[What you are asked to do] Beginning at the line containing "7.2.10 Gosford II", repeat each line below exactly up to and including the line containing "To be clear, the". Do not repeat the pictures.

[Supplied information]
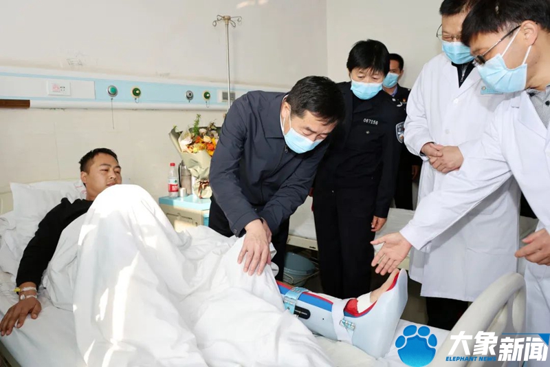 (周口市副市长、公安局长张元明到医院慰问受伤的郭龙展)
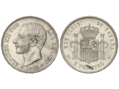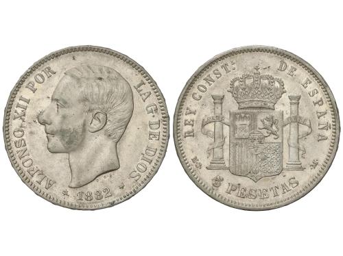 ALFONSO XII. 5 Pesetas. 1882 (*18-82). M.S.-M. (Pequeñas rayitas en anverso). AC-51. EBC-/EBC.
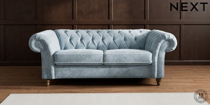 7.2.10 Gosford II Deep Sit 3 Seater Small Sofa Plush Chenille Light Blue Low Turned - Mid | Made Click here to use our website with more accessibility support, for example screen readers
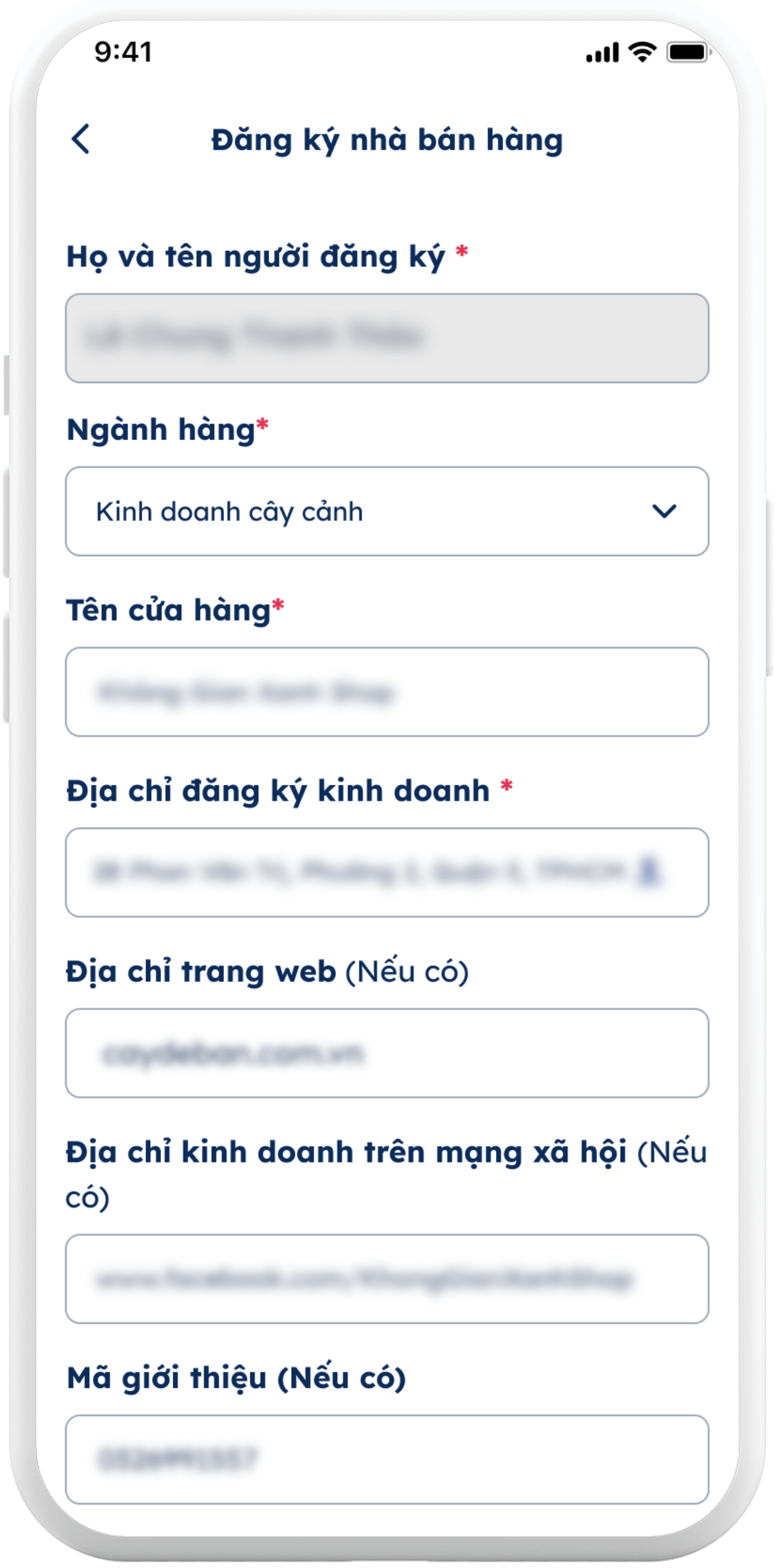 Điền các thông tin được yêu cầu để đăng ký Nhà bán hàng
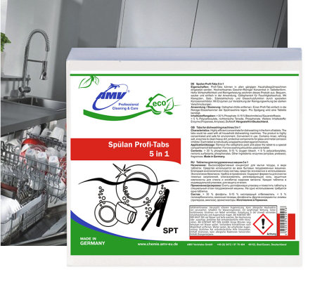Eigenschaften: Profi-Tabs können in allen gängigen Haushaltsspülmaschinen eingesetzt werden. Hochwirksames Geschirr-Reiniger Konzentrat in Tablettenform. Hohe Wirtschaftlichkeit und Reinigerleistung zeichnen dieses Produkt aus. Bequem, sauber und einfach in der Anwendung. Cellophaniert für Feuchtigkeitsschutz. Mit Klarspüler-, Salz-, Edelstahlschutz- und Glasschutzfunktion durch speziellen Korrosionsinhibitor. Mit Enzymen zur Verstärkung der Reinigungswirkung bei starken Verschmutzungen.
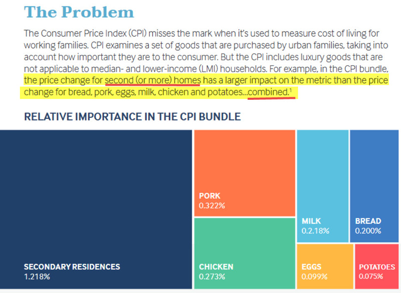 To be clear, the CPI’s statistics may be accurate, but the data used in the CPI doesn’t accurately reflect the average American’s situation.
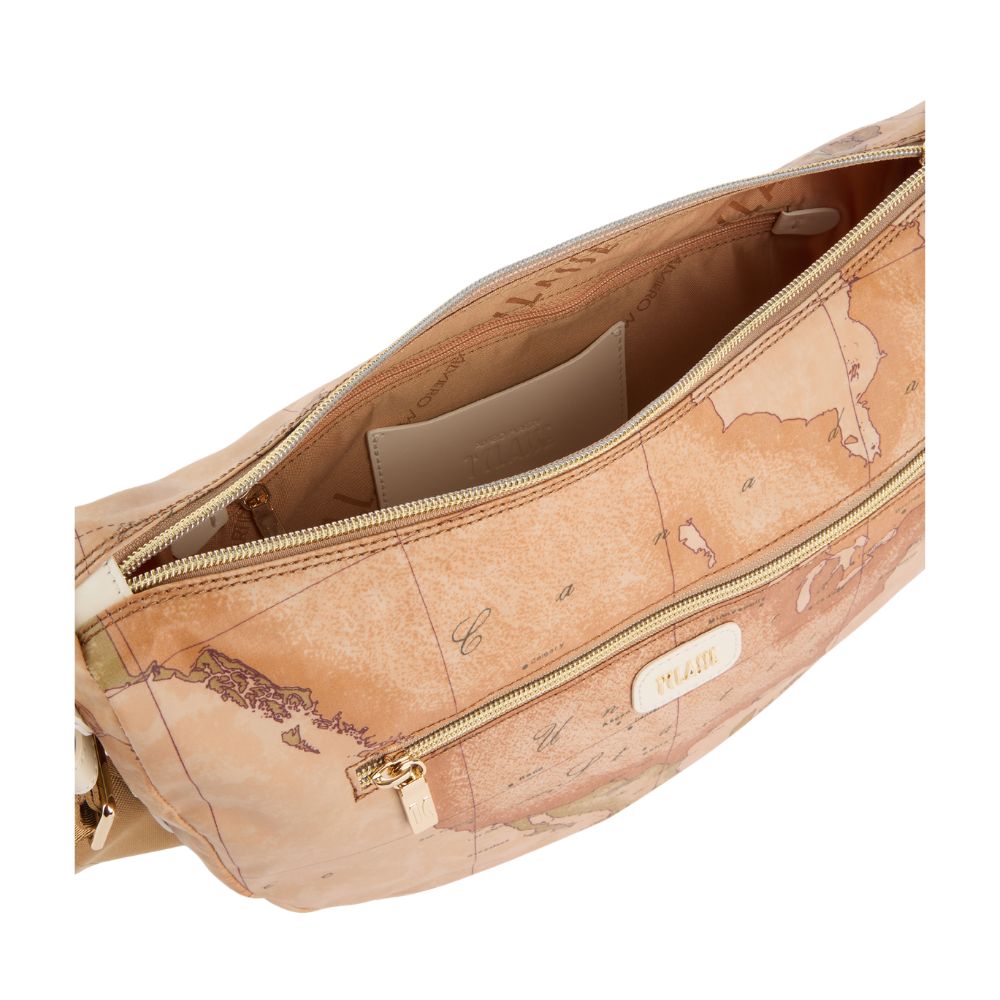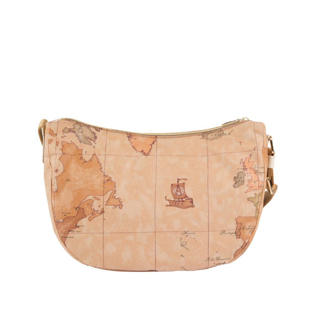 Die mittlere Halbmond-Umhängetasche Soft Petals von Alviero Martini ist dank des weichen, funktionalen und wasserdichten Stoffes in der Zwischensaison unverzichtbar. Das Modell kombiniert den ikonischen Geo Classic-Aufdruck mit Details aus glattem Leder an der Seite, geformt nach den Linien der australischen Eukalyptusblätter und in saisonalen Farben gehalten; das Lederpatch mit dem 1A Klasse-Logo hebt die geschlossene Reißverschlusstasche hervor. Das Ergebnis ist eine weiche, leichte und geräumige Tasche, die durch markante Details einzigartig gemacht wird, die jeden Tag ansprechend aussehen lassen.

[Solution for this problem]
 7.2.10 Gosford II Deep Sit 3 Seater Small Sofa Plush Chenille Light Blue Low Turned - Mid | Made Click here to use our website with more accessibility support, for example screen readers
 Điền các thông tin được yêu cầu để đăng ký Nhà bán hàng
Eigenschaften: Profi-Tabs können in allen gängigen Haushaltsspülmaschinen eingesetzt werden. Hochwirksames Geschirr-Reiniger Konzentrat in Tablettenform. Hohe Wirtschaftlichkeit und Reinigerleistung zeichnen dieses Produkt aus. Bequem, sauber und einfach in der Anwendung. Cellophaniert für Feuchtigkeitsschutz. Mit Klarspüler-, Salz-, Edelstahlschutz- und Glasschutzfunktion durch speziellen Korrosionsinhibitor. Mit Enzymen zur Verstärkung der Reinigungswirkung bei starken Verschmutzungen.
 To be clear, the CPI’s statistics may be accurate, but the data used in the CPI doesn’t accurately reflect the average American’s situation.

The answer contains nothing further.